The precision endocrinology monitoring is yet to be established in routine clinical practice, providing medical professionals and patients with the tools for a better understanding of the complexities of therapy and appropriate management of various endocrine disorders. The goal of this series is to investigate the role of precision medicine in the precise biochemical diagnosis of endocrine disorders, the appropriate use of genetic analysis, and their incorporation into translational treatment for these disorders. To develop acceptable and affordable interventions for eDiagnostics and precision monitoring in the real world, it is necessary to integrate sensor data obtained from electronic medical records, medical, demographic, and social variables using advanced machine learning tools.

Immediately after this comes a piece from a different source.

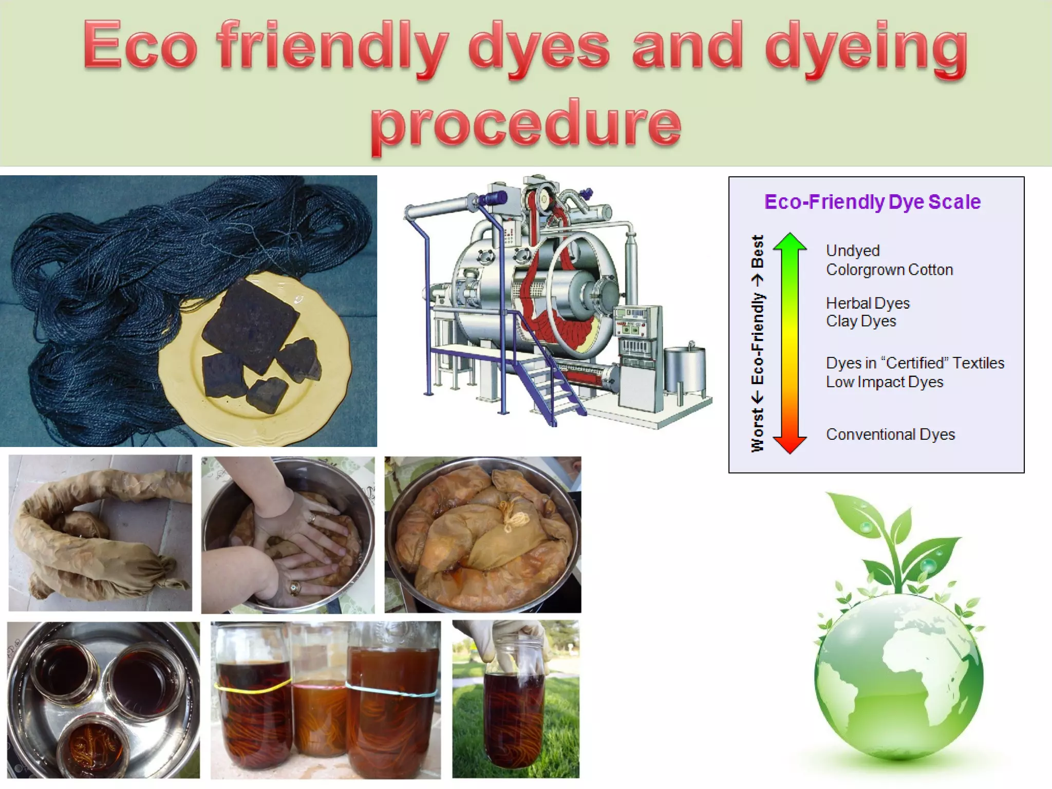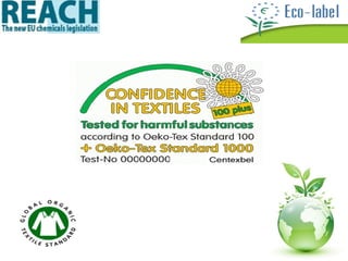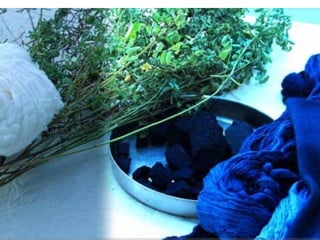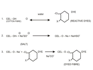 This document provides information about various types of dyes used in the textile industry, including their properties and dyeing processes. It discusses natural dyes extracted from plants as well as synthetic dyes like direct dyes, vat dyes, disperse dyes, and reactive dyes. For each dye type, the document outlines their key properties, how they interact with different fibers, and their advantages and limitations. It also mentions sustainability considerations like limiting chemical usage and following eco-label standards.

Pregnancy is a stage in female cycle with drastic hormonal changes and its effects on short (perinatal complications) and long term (e.g. cancer risk) female health including cancer risk. Prediction of adverse pregnancy outcomes would allow women at high risk to get therapeutic and prophylactic interventions while other being spared from needless care. This includes developing methodologies to treat at-risk women during and after pregnancy by understanding the interplay between molecular, genetic, and clinical factors related to adverse pregnancy outcomes and accurately assessing the risk of adverse pregnancy outcomes well in advance of their occurrence. National efforts such as “Nulliparous Pregnancy Outcomes Study: Monitoring Mothers-to-Be” study allow active data collection for risk assessment and model development by close partnership between computational and computational and clinical scientists to gain deeper understanding of adverse pregnancy outcomes by development of machine learning models for advanced risk prediction.
Females are more likely to suffer from autoimmune diseases such as Systemic lupus erythematosus (SLE). In patients with SLE, adverse pregnancy outcome occurs in about 20% of pregnancies, namely, preeclampsia (PE), abortion, preterm birth, stillbirth, renal failure and fetal growth restriction. The machine learning (ML) methodology (1) has been applied to a large cohort to identify additional predictors of adverse pregnancy outcome with mild to moderate SLE both with and without antiphospholipid antibody positivity. In this series, the first article by Deng et al. addresses the potential genetic biomarkers to predict adverse pregnancy outcomes during early and mid-pregnancy in women with systemic lupus erythematosus. They identified three predictive gene biomarkers (SEZ6, NRAD1, and LPAR4) of adverse pregnancy outcome with SLE. These findings would improve the understanding of the pathogenesis of adverse pregnancy outcome in women with SLE and contribute toward the development of personalized clinical management of pregnant women with SLE. Other machine learning strategies have also shown a promise such as EUREKA algorithm predicted obstetric risk in patients with different subsets of antiphospholipid antibodies (2). The utility of ML in aiding clinical risk stratification requires further validation and similar methodological approaches could be trialed across the autoimmune connective tissue disease spectrum to provide better prognostic information to patients at diagnosis, irrespective of their diagnostic label. Furthermore, infertility or subfertility is common in patients with autoimmune diseases (3). The study by Chen et al. reported the effects of assisted reproductive technology on gene expression in the heart and spleen tissues of adult offspring mouse. In the mouse model, ART can interfere with the gene expression pattern in the heart and spleen of the adult offspring and these changes are related to the aberrant expression of epigenetic regulators. Previous models of risk score incorporating social determinants along with clinical and demographic factors in at-risk populations have been reported to have limited performance and future research may focus on the development and validation of more sensitive risk tools for the use impact of implementing risk tools in the setting of pregnancy case management programs.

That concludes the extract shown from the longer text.